• The Four Hundred
  • Subscribe
  • Media Kit
  • Contributors
  • About Us
  • Contact
Menu
  • The Four Hundred
  • Subscribe
  • Media Kit
  • Contributors
  • About Us
  • Contact
  • The NUMA NUMA [Song] Tax

    October 1, 2018 Timothy Prickett Morgan

    When you have a wafer of chips, at least in theory all of the transistors cost the same on the wafer. But sometimes, when transistors perform certain functions, they are worth more. And in some cases, such as the electronics that enable the coupling of multiple cores on a die across a shared L3 cache or that allow the ganging up of processors across multiple sockets that allows for larger and shared main memory for applications to run in, those circuits are worth a lot more.

    This lashing together of compute components across shared memories – Non-Uniform Cache Access, or NUCA for the on-chip coupling and Non-Uniform Memory Access, or NUMA, for the multi-socket coupling – make up a significant portion of the die area and transistor budget, and therefore should represent a significant portion of the overall cost and then the price of a given processor. NUMA predates NUCA, and in a sense, NUCA is just an on-chip version of NUMA. A modern processor is basically a version of a NUMA server, like a 12-socket processor from the RS/6000 S70 system and the AS/400 740-2070 and AS/400 S40-2208 systems from the late 1990s based on the “Northstar” PowerPC chip – remember those? – implemented on a single socket. The big difference is that those machines had 100X less memory and 15X lower clock speeds.

    We get a lot more for our Power Systems money these days, to be sure. But relative to the market at large, Power Systems running IBM i and AIX are still paying a premium compared to Windows Server and Linux systems with equivalent performance and functionality.

    Back then, because IBM published list prices as had been its habit – compelled by law after settlements of several antitrust lawsuits decades earlier – we could actually calculate the incremental cost of the NUMA expansion in the machines. Now as then, customers didn’t just pay extra based on the NUMA chipsets that glued multiple processor sockets into a single system image, but you also paid in ever-higher system software license costs. Moreover, performance did not scale perfectly as NUMA levels increase from 2 to 4 to 8 to 12 sockets; the incremental performance improvement gets smaller as the NUMA cluster gets larger, and this is not something that just affected and continues to affect IBM Power Systems, but all NUMA machines. I will say that the NUMA interconnects have gotten better, faster, and more efficient over time, and more of the aggregate CPU clocks can actually get work done if the compute complexes are not memory or I/O constrained.

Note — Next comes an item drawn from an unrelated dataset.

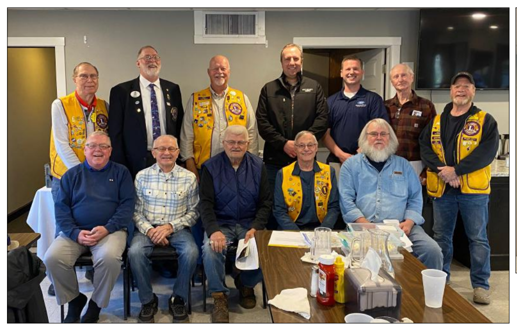
Sleepy Eye Lions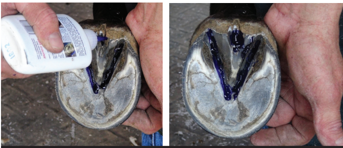
Notice how controlled and targeted the application of Thrush Stop Blue is. No mess with this product.

Check out this article by Dr. Steve O'Grady for invaluable information on thrush » http://www.equipodiatry.com/HowDoITreatThrush.html

    I will give you a for instance from back then to prove a point, and to show that IBM used to be generous. Back in the first quarter of 1999, a single socket Northstar system, the AS/400 730-2065, had a single 262 MHz – yes that is megahertz – processor and it cost $390,000; it was in a P30 software tier and rated at 560 CPWs of performance. That worked out to $697 per CPW. Moving to two processors in the AS/400 730-2066 had two of the same processors and was rated at 1,050 CPWs but cost $650,000, or $619 per CPW. Moving to four of the Northstar processors in the AS/400 730-2067 meant having an aggregate of 2,000 CPWs, and the cost dropped to $515 per CPW with a price tag of $1.03 million; the software group jumped to P40. These were for full-on machines, with both 5250 and client/server workloads able to run full out. (You could get machines with varying levels of crippling on either style of workload, and that changed the economics a lot.) The AS/400 740-2069 put either of these processors in a single system image, which had 3,660 of aggregate CPWs at a cost of $1.44 million, or $393 per CPW, and the software tier rose to P50. And finally the big bad AS/400 740-2070 had a dozen of these chips and was rated at 4,550 CPWs, and at a cost of $1.68 million, that worked out to $369 per CPW for the P50 tier system.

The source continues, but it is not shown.